怒江战役同时还是一场人民战争。腾冲壮丁几乎全部上了前线,充当远征军的向导和运输队,留在家里的老人、妇女和孩子,则是战场啦啦队的主要成员。远征军打到哪里,老百姓跟到哪里,为远征军呐喊助威。在腾冲攻城战中,离火线仅仅两公里多一点的山腰平地上,老百姓天天聚集观战,以至形成了一个小小的临时集市。
当年空战景况,亲历其境的腾冲老人至今记忆犹新。
毕世铣告诉记者,一次美国运输机到腾冲空投,遭两架日军战机尾追。正在紧要关头,从保山方向风驰电掣般地飞来一队美军战机,一架日机被击中,眼看就要坠地,突然拉转机头直奔已被我军攻占的来凤山,撞山坠毁。
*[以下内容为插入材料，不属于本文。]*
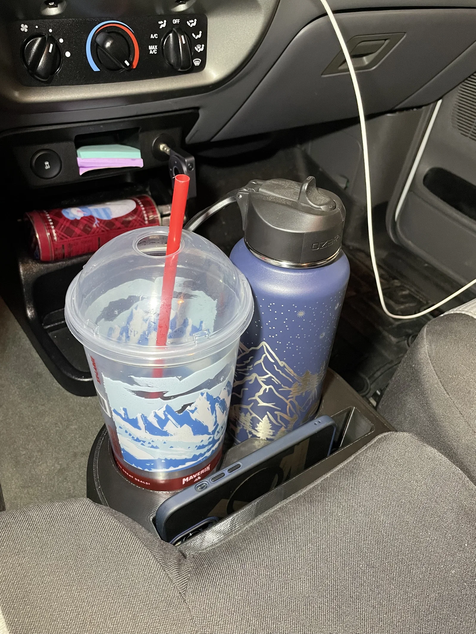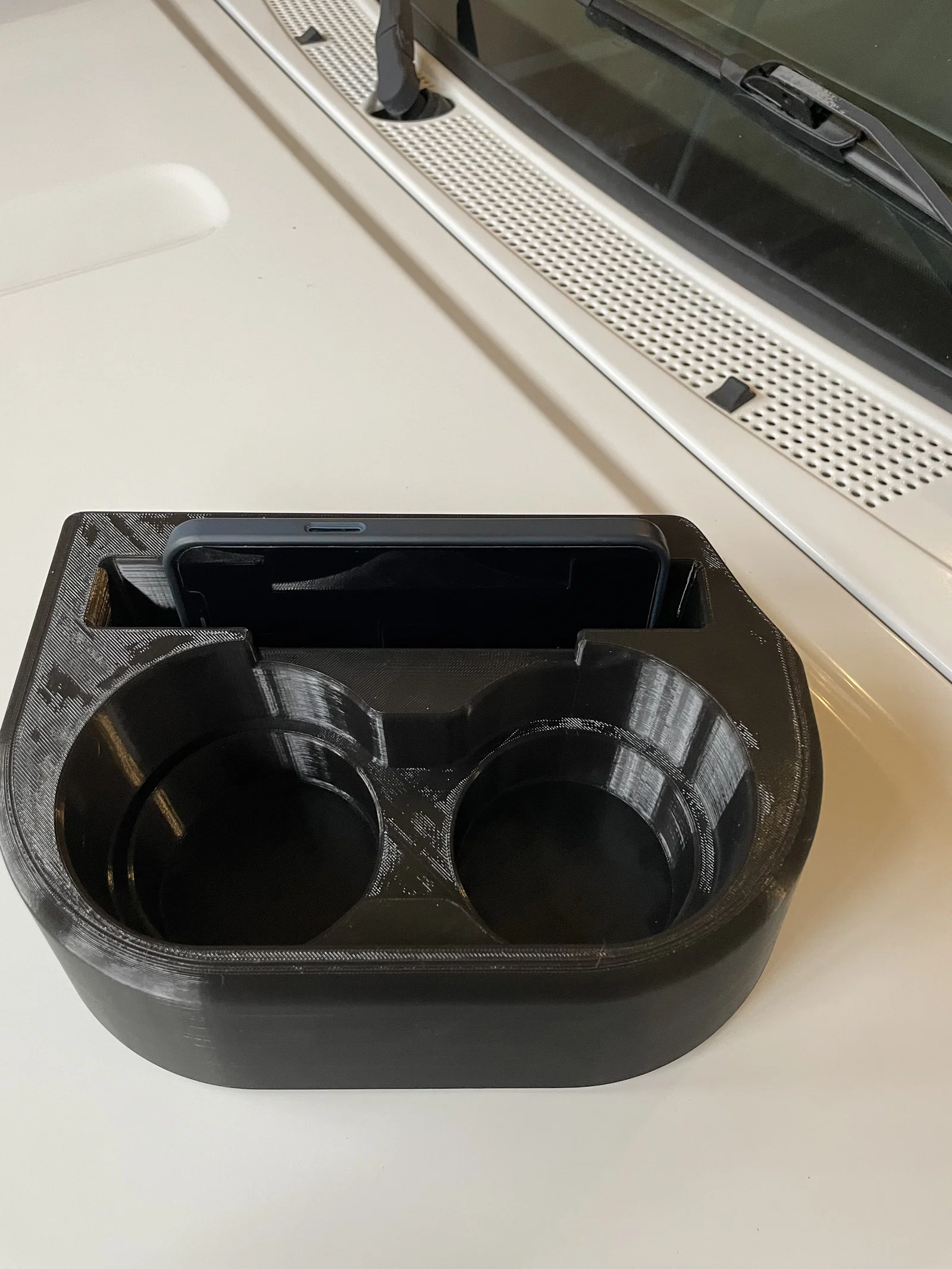 Đây là thiết kế khay đựng cốc lớn hơn so với khay zin trên dòng xe Ford Ranger đời thứ 3 (phiên bản ghế 60/40), vốn dĩ mọi người đều thấy quá nhỏ. Mình cũng đã bổ sung thêm một ngăn chứa đồ phụ để anh em có thể bỏ điện thoại hoặc ví tiền.

另一架带伤迫降,起落架被水渠卡住。日军飞行员在机舱中拿出怀表和戒指,示意村民帮忙把战机推出来,大概想重新起飞逃走,但村民不为所动,反而领来远征军将战机重重包围,日军飞行员只好束手就擒。当时日军战机多为零式飞机,相比于美军F6F“泼妇”战斗机已大大落伍,根本不是对手。每当空战爆发,地面交战双方不约而同地停火,都仰着头全神贯注地观看空中交锋。结果无一例外都是日机败北。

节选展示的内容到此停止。